Our last name was German, but no one ever directed any comments to me or, so far as I knew, to Mama or Papa, maybe because Papa was so outspokenly anti-German. When he dropped into
Navarin’s station, which he often did in the evenings before Mr. Navarin closed up and before the freight came through, he talked war with Mr. Navarin and Sonny Steen and Axel Nelson and whoever was hanging around.

“If it wasn’t for my bad leg,” Papa told them, “I wouldn’t mind bein’ over there, carrying a gun against the Heinies. We’re gonna fight ’em later. Might as well fight ’em sooner and get it over with.”

I thought about the Witch, Ilsa Kraus, in Morgan Lake. Were people calling her a Heinie? I wondered if she ever heard from Uncle Stan, who was working in Hollywood?

At Christmas he had called Aunt Betty long-distance and told her it wouldn’t be long before he had the money to send for her and set up housekeeping. It had taken more time than he’d expected because the car had broken down and cost him a good deal of money. It was necessary to have a car in California, he assured her.

Aunt Betty had worked as temporary Christmas help at the Ben Franklin Five and Dime in Blue Lake, and after Christmas the owner, a Mr. Miller, had asked her to stay on. She hadn’t told Uncle Stan about this development, as she was determined to save her wages for the fare to California, turning up in Hollywood one day to surprise the socks off Uncle Stan.

I loved to imagine it: Uncle Stan, after work, returning to Cousin Lloyd’s house from the movie studio and sitting on the front steps. Pulling off his shoes because his feet hurt from standing all day, he’d sit in his stocking feet, smoking a Lucky Strike. Up the street, carrying her grip and looking very smart, would march Aunt Betty, jaunty and tickled, anticipating Uncle Stan’s surprise. Then, glancing up and spotting her, he would smack his forehead and holler, his socks flying right off his feet and landing in a banana tree.

I wondered if Aunt Betty would leave before I had my first communion in May. As the cold spring sun melted the snow and the chill breeze dried the runoff, the countryside emerged brown and gray. This was the only season I didn’t like. It was as though winter and spring fought over Minnesota. The sun shone weakly but determinedly; the cold wind blew kitty-corner down across the Dakotas. For two or three weeks you stopped believing in spring altogether. The year was stuck in the slowly drying mud.

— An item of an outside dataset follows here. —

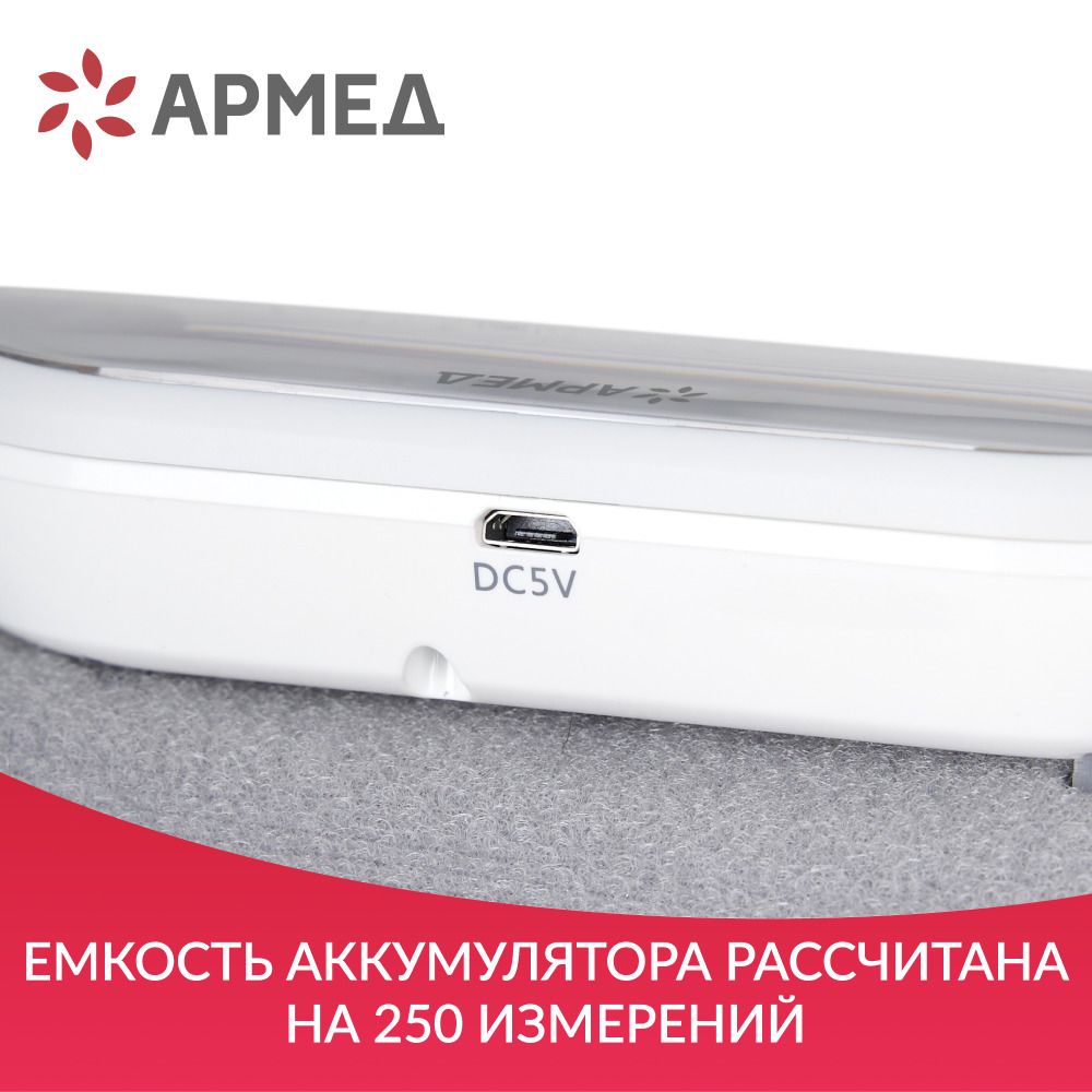 Тонометр работает от встроенного литий-ионного аккумулятора, емкости которого хватит на 250 измерений. Кабель для зарядки в комплекте.
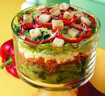 romaine, red pepper, croutons and Parmesan cheese. In a jar with a tight-fitting lid, combine the dressing ingredients; shake well. Serve with salad.

Then one day late in April you walked home from school,
carrying your jacket. Your heart grew light at the certainty that winter had been beaten back into the north. It was time to break out the roller skates and jump ropes and hopscotch chalk, to put away the long cotton stockings, the garter belts, and long underwear, the snowsuits and heavy mittens and scarves!

It was nearly time for First Communion.

But First Communion meant first confession. When that knowledge came over me, unexpected, while I tied my new brown oxfords or gathered pussy willow branches outside of town along the tracks, the air grew cold again.

I studied early and late. Sally and Beverly and I went over the lessons twice a week, once at Sally’s on Tuesday; the second time at my house on Friday.

April zipped out of sight as if on greased skids, and then it was the first week in May.

“Sally, ‘What sins are we bound to confess?’” I read from the
Baltimore Catechism
, slouching on a chair in the Wheeler kitchen.

“We are bound to confess all our mortal sins, but it is well also to confess our venial sins,” she responded.

Sister was going to test us randomly on Saturday on all the chapters pertaining to confession and communion. Communion was also called the Holy Eucharist. Holy Eucharist was the name of the wafer you were given that must not be chewed, but must be allowed to slide down your throat without hindrance since it was the body of our Lord Jesus. You wouldn’t
chew
the body of your Lord, would you? If you stopped to think about it, you probably wouldn’t put the body of your Lord in your mouth at all.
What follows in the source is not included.